The Instagram account has showcased a variety of concerns from both students and alumni, ranging from anecdotes about families and communities in hometowns to a spotlight on the influence the tri-campus community could have on the reopening of South Bend public schools. Multiple students have shared their misgivings about returning home, citing mental health concerns and unsafe home lives. 

In particular, Young said she has received multiple stories from members of the LGBTQ community who shared that they are not out to their families at home.

“The idea of being sent home from campus is a huge source of stress to these students,” Young said. “They take it so seriously, so it’s hard for them to see other people not understanding the repercussions if the spread gets worse.”

Another post contains student testimony about contracting and recovering from COVID-19. The student, sophomore Ryan Murdock, has been vocal about his own battle with the illness on the “HERE’s the Why” page and in a Letter to the Editor.

Murdock said he shared his story so other students might understand that becoming ill with COVID-19 is a real possibility that should not be dismissed.

“I think so many people think, ‘oh we’re young, we’re immune, it doesn’t really affect us’ … which is just not true,” he said. “People think it couldn’t happen to them, but it does.”

Murdock said he experienced a 48-hour period of high fever and extreme fatigue after being contact traced to another student who had tested positive and moved into isolation. “I was feeling fine until I wasn’t and ended up in the emergency room with a high fever,” he said.

Murdock said he wants other students to accept the fact that they have to make sacrifices in order to finish the semester on campus.

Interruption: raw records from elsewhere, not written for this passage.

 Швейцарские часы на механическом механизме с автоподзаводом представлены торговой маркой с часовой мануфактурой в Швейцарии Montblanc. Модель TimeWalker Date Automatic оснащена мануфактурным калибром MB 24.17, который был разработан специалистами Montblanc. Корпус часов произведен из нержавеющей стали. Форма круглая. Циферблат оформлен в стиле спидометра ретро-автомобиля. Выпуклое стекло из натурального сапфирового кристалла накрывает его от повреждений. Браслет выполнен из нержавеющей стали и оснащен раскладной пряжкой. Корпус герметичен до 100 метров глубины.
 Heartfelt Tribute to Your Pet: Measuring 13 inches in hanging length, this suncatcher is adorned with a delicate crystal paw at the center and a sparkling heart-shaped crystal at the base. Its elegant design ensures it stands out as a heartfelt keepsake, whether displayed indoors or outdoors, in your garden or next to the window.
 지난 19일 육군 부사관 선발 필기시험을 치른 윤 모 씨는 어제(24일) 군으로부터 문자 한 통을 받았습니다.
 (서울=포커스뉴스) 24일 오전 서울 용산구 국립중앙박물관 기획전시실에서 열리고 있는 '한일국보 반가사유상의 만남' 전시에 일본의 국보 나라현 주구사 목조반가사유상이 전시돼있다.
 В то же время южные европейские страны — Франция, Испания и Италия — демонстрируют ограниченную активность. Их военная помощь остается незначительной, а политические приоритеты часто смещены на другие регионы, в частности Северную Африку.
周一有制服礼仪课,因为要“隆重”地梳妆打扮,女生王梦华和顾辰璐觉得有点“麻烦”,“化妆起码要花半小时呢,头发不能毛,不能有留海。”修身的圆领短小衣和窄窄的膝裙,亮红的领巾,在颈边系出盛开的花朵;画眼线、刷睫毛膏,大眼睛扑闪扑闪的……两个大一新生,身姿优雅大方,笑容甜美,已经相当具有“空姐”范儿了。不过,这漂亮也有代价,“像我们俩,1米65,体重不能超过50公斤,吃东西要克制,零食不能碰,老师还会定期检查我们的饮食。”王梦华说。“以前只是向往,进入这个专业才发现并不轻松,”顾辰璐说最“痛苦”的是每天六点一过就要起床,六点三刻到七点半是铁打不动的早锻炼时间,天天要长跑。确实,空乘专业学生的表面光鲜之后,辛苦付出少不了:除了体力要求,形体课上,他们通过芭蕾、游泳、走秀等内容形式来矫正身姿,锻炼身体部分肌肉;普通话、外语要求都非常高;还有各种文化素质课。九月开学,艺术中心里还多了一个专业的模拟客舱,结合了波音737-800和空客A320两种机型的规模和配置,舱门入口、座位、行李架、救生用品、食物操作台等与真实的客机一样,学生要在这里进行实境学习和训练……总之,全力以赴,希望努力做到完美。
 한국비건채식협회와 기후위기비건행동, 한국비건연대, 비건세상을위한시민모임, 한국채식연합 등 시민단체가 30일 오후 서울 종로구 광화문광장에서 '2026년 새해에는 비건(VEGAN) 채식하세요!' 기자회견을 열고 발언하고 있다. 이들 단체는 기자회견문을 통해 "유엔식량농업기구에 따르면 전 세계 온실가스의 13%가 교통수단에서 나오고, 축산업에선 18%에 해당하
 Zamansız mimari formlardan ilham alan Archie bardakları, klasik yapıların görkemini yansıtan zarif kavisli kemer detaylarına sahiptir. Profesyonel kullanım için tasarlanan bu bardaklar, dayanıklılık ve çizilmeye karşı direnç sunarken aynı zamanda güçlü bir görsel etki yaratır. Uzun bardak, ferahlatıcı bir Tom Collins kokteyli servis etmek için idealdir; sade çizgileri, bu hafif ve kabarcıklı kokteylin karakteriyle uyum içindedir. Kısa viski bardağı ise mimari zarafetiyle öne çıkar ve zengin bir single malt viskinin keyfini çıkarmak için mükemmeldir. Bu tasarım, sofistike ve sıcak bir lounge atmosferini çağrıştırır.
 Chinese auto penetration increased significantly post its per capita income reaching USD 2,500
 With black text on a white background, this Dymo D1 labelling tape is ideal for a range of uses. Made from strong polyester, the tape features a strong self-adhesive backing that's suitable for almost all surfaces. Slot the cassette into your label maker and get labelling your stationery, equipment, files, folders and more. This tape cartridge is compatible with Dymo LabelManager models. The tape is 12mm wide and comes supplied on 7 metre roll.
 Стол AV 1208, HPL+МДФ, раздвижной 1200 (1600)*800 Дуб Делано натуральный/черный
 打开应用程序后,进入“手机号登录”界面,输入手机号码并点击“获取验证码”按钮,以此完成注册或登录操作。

“I get it, I wish we could go to parties, too,” Murdock said. “I wish we could have a normal semester like last fall but it’s just not possible. We can’t keep doing what so many people are doing … we have a responsibility to be better than that. If you think it couldn’t be you … you’re wrong, nobody’s immune.”

Going forward, Young said she hopes “HERE’s the Why” will prompt students to think of the impact their actions have on others when making choices. 

“I know it’s so easy to fall into the temptations of being around your friends and drop your precautions a little bit,” Young said. “But remember every action you take has an impact on the people around, and it’s so important to be conscious of that right now.”

Mansour echoed Young’s call to consider the impact of individual choices on the community. 

“It’s about the community, it’s about the common good,” Mansour said. “So we want people to just remember that when they’re talking with friends about their hopes for the rest of the semester, when they’re deciding what to do on a Friday night, that their choice to sit on the quad without a mask could impact more people than they could even imagine.”